The ‘best welcome?’ question got an immediate response of ‘Ireland’. The guys had enjoyed themselves so much and been subjected to such great hospitality (Carne Golf Club received a special mention) that they were a week behind on their blog. We all know that Irish hospitality is legendary, but I was delighted to hear they were getting the full treatment. Irish golf clubs have been going out of their way to make their time here as enjoyable as possible, and that is coming through loud and clear in the tales they tell.

I decided I should be direct and asked them what they thought of Mount Juliet and how it compared with Druid’s Glen.

Debates about the best links course in Ireland typically centre on Royals County Down and Portrush, Portmarnock, Ballybunion, Carne, Lahinch, The European and Waterville. For parkland, the list is shorter, with Adare, K Club, Mount Juliet and Druid’s Glen being the most obvious contenders. (In truth, Ireland’s newest clubs of Lough Erne, Killeen Castle and Concra Wood should be added to that list.)

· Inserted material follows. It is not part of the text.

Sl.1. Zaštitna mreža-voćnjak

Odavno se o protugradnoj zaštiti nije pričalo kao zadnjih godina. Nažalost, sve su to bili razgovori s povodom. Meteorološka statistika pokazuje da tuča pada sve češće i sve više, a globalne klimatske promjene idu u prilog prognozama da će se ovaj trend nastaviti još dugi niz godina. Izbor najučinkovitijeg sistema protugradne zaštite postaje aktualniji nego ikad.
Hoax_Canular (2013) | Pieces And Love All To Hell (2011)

[Photo: the water enshrouded 17th. A par three to be played from the back tee]

Their answer was interesting and intuitive – it is not my place to list what they said (check their blog in the coming days), but, like so many things, it proved how conditioned we have become to marketing hyperbole. They are such different courses and they offer completely different experiences. If you’ve played both you’ll know what I mean.

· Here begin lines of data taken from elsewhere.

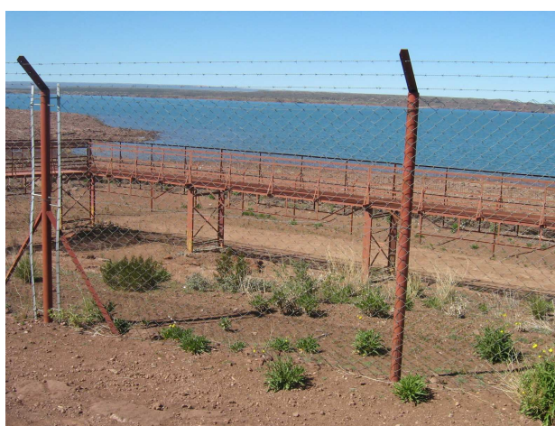
Sistema de pasarelas y alambrado*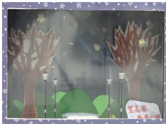
以望高寮夜景公園為題，呈現夜景之美。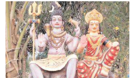
కొండపైన వెలసిన పార్వతి పరమేశ్వరుడు

దుర్యోధన మాయసభ వికపాత్రాభినయం జరుగును. రాత్రి 12 గంటలకు లింగోద్భవ సమయం శ్రీగిరి జ్యోతి దర్శనం జరుగును. అనంతరం అభిషేకాలు నిర్వహిస్తారు. ఈనెల 10న స్వామివారికి పంచమృతాభిషేకం, రథోత్సవం నిర్వహిస్తున్నట్లు ఆలయ నిర్వాహకులు తెలిపారు. మూడు రోజుల పాటు జరిగే ఉత్సవాలకు అలయాలు విద్యుత్ దీపాలతో శోభాయమానంగా ముస్తాబు చేస్తున్నారు.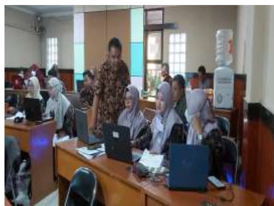
Gambar 2. Pelaksanaan Pelatihan

Tahap kelima, pelatihan dilaksanakan di SMA Negeri 5 Cimahi pada tanggal 25 Agustus secara tatap muka. Sesi pertama, dipaparkan solusi masalah integral dengan GeoGebra. Sesi kedua, praktik solusi masalah Integral dengan GeoGebra dipandu oleh ketua PKM yang dibantu anggota. Kegiatan tersebut dapat disimak pada foto berikut ini.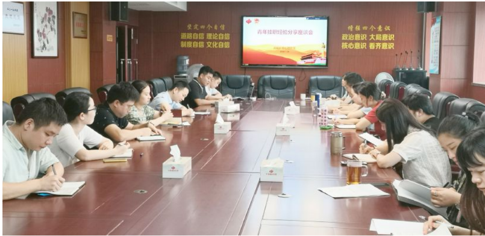
▲省福彩中心团总支举行青年员工工作经验分享座谈会

Gretta, a non-golfer, lasted nine holes. When the 9th brought us back to the clubhouse she slipped away. She confessed that she’d not be on the golf course at all, but she couldn’t drive the 1989 Merc that the guys had been in since arriving in Scotland.

“Insurance?” I asked. No, it wasn’t that. How about right-hand drive? Stupid question as they drive on the same side of the road down under. No, it was a mechanical failing. The driver’s seat was stuck well back, and Gretta – somewhat shorter than Michael and Jamie – couldn’t reach the pedals. So she got stuck at the golf clubs, waiting in the bar for her man, and undoubtedly repelling the advances of many a keen Irish golfer.

[Photo: view from the clubhouse back down the par four 18th]

I had one last question for the boys: ‘how are you two getting on together, spending so much time in each other’s pockets?’ There was a brief pause: “It hasn’t come to blows,” Jamie replied wryly.

259 rounds down; 106 to go. Let’s hope it stays that way.